Let $G$ be the centroid of $\triangle{ABC}$. Points $M$ and $N$ are on side $AB$ and $AC$, respectively such that $\overline{AM} = m\cdot\overline{AB}$ and $\overline{AN} = n\cdot\overline{AC}$ where $m$ and $n$ are two positive real numbers. Find the minimal value of $mn$.

Let $\triangle{ABC}$ be an acute triangle and $a, b, c$ be the three sides opposite to $\angle{A}, \angle{B}, \angle{C}$ respectively. If vectors $m=(a+c,b)$ and $n=(a-c, b-a)$ satisfy $m\cdot n = 0$,
(1) Compute the measurement of $\angle{C}$.
(2) Find the range of $\sin{A} + \sin{B}$.

Starting at the origin, a bug crawls 1 unit up, 2 units right, 3 units down and 4 units left. From this new point, the bug repeats this entire sequence of four moves 2015 more times, for a total of 2016 times. The coordinates of the bug’s final location are $(a, b)$. What is the value of $a + b$?

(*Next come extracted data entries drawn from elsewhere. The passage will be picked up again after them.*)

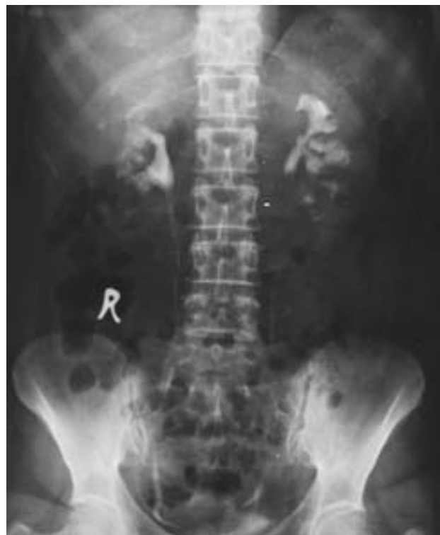
FIG. 4. Follow-up Intravenous urogram showing resolution of left upper tract dilatation after excision of the stricture and ureteroneocystostomy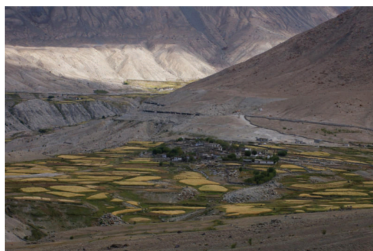
Birgitt Parjarola "Harvest In 14,000 ft" 8 pts.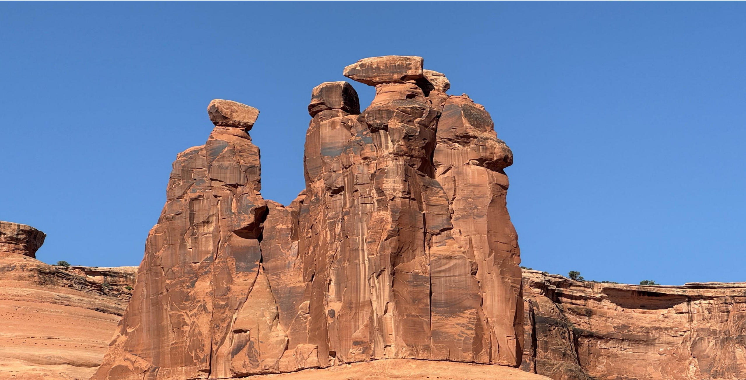
Kelly's June 2024 photos of Arches National Park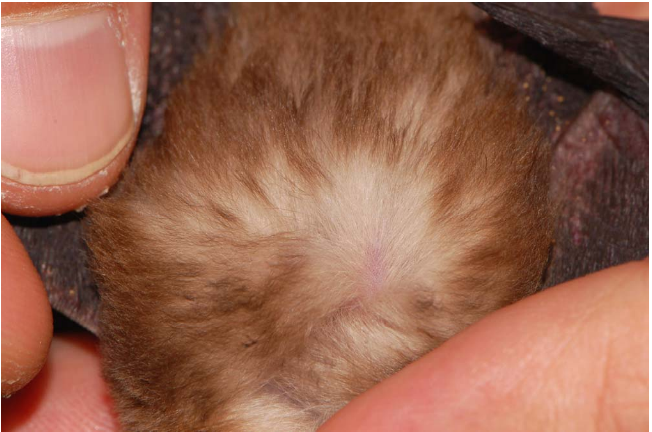
Fig. 3. Close-up detail (dorsal view) of the characteristic bicoloured fur (pale base, greyish brown ends) in Hipposideros bicolor , hence its name, from the BTNR. (Photograph by: Celine Low, 25 Oct.2008).

In the present Bukit Timah and Central Catchment Nature Reserves survey, bats identified as Hipposideros bicolor were eventually obtained on two occasions at the same site in the Bukit Timah Nature Reserve (BTNR). They represent a rediscovery of this species in Singapore after more than 130 years. The first representative was found in a harp trap deployed along the North View Path at the BTNR on 27 Jun.2008. The individual was retrieved just past midnight (28 Jun.2008) and identified by visiting guest researcher, Christine Fletcher [Forest Research Institute Malaysia (FRIM)]. The female bat was examined and banded by Fletcher, who determined that it belonged to the 131 kHz (kilohertz) phonic type (Kingston et al., 2006) within the Hipposideros bicolor species complex. This individual was measured to have a forearm length of 46.0 mm and weight of 8.5 g. It was tagged with a light-weight aluminium band (FRIM #3682) on its right forearm and subsequently released (Fig. 1). In the same harp trap, a male specimen of Rhinolophus lepidus (family Rhinolophidae) was also captured, banded (FRIM #3683) and released.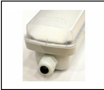
M16 stuffing box plug various PA black M-16 - BPM-21 (60000006)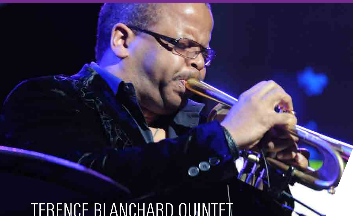
Terry Blanchard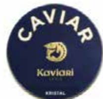
Caviar Kristal BRAND: Kaviari CODE: 115051 PACKING: 50 GR ORIGIN: CHINA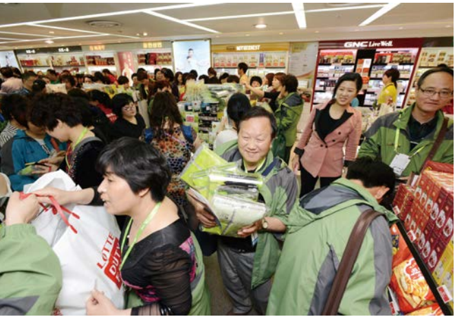
Shopping at the Lotte Duty Free Shop in Busan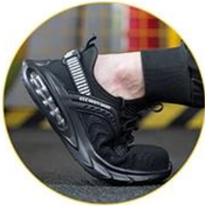
Breathable Mesh Upper

Breathable & Comfortable Uppers Compared with the traditional steel toed leather shoes , the fly weavingshoes are more breath and comfortable , and it will better fit your feet.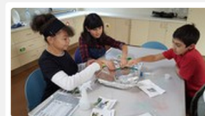
Chino Water Basin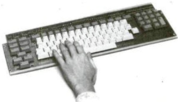
(Above) Key Tronic P2402-19 keyboard (Right) Digitran KD131 keyboard (Left) Closeup of the KD131's "capacitance in reverse" key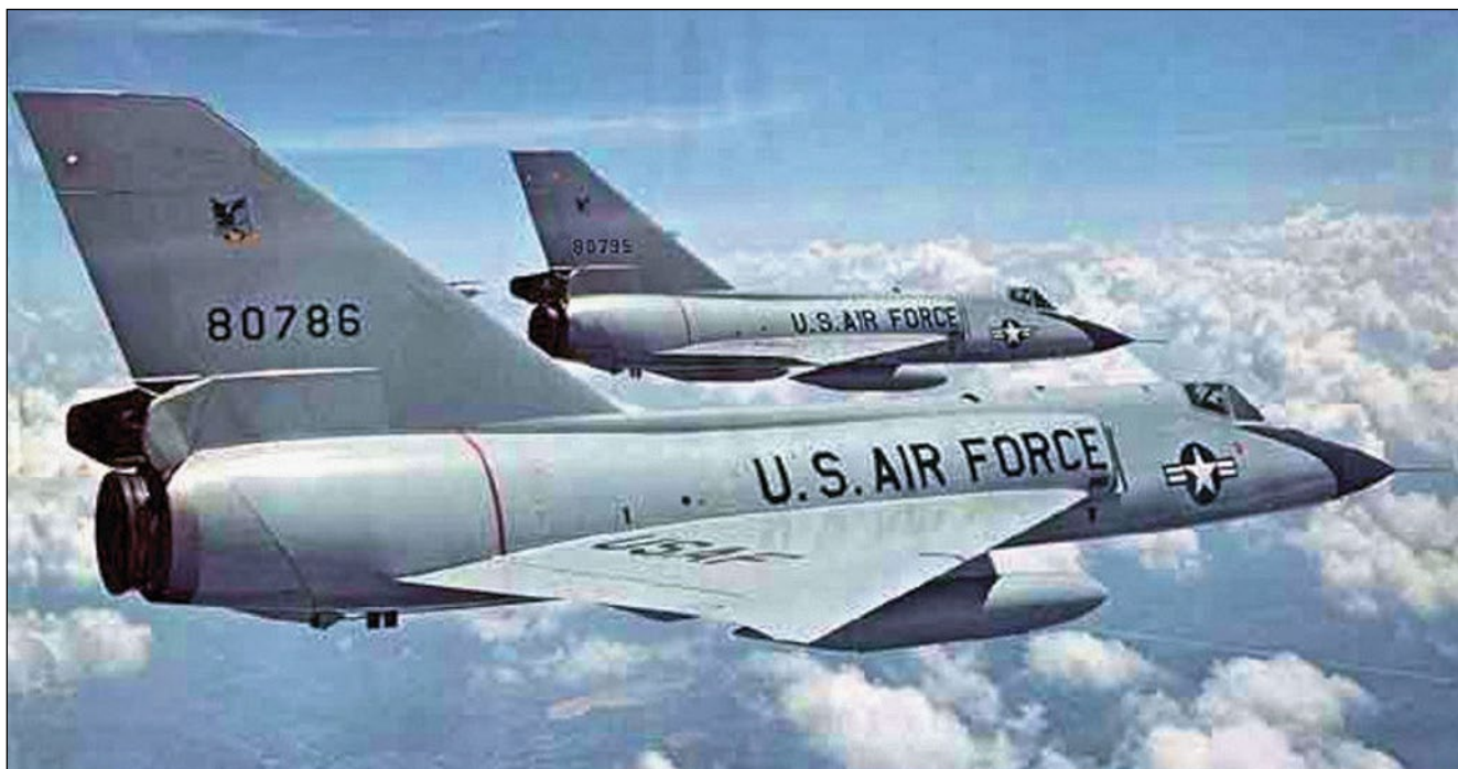
Two Convair F-106 Delta Dart fighter interceptors of the United States Air Force

Other large airfields in the region that might act as refuges for SAC's bombers or NORAD interceptor aircraft would likely be attacked: Vancouver, for example, was a candidate because of the presence of RCAF Sea Island (now the site of Vancouver International Airport) and its large runway, and its reserve F-86 Sabre fighter squadron. Free fall bombs in the megaton yield range directed at Esquimalt and Sea Island would have destroyed Victoria and devastated Vancouver.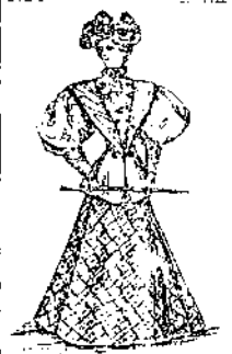
Illustration of a woman in a long dress, possibly a designer or a model.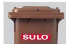
triangular lid lock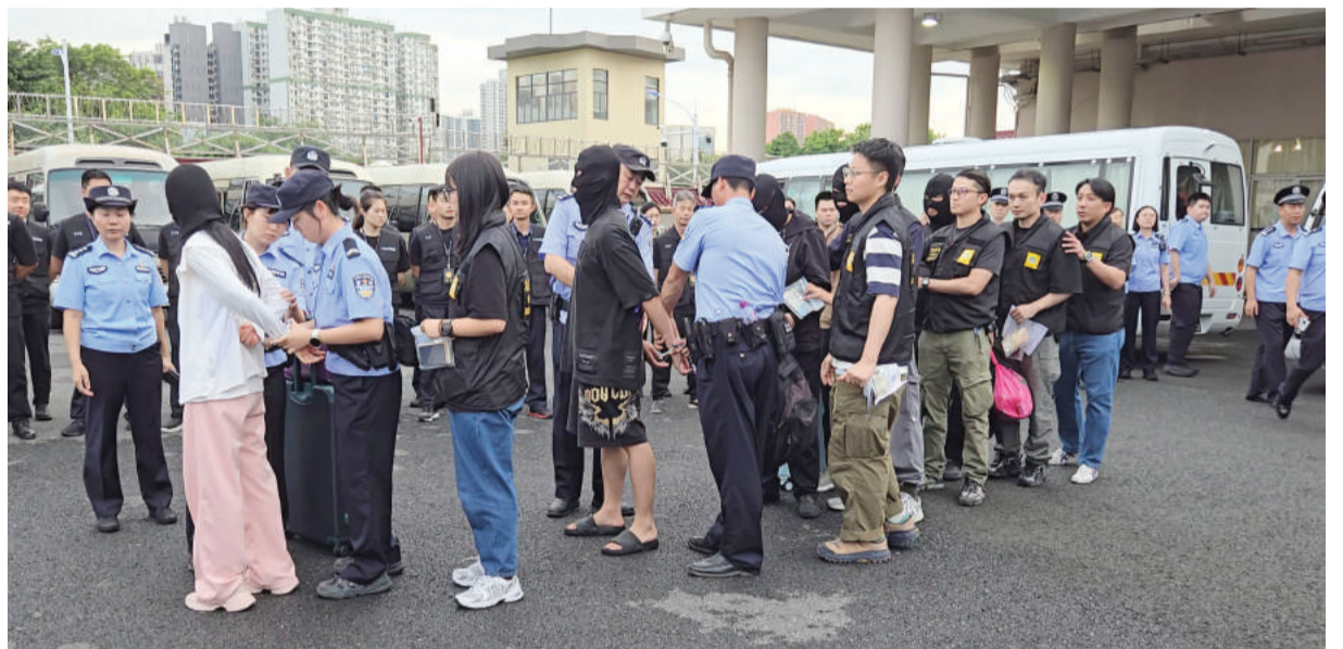
The 36 mainland illegal money exchange dealers are being transferred to the mainland authorities in the area between Zhuhai's Gongbei and Macau's Barrier Gate border checkpoints yesterday.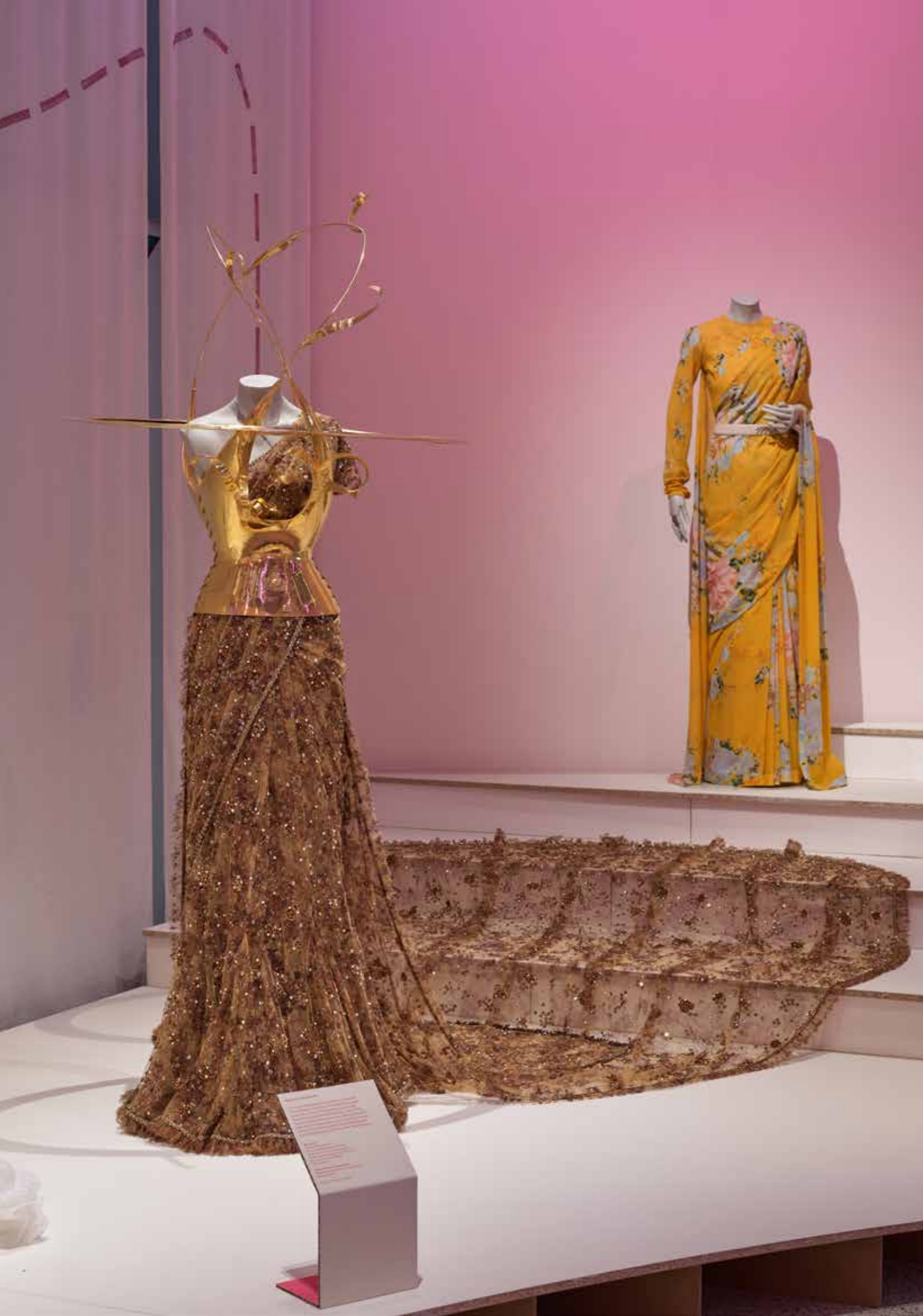
Exhibition view, the Design Museum, London.

Let $ABCD$ be a trapezoid. Points $M$ and $N$ are the mid points of its diagonal $AC$ and $BD$, respectively. Show that $MN \parallel AB$ and $MN = \frac{1}{2}\mid AB - CD\mid$.

The points $(0,0)$, $(a,11)$, and $(b,37)$ are the vertices of an equilateral triangle. Find the value of $ab$.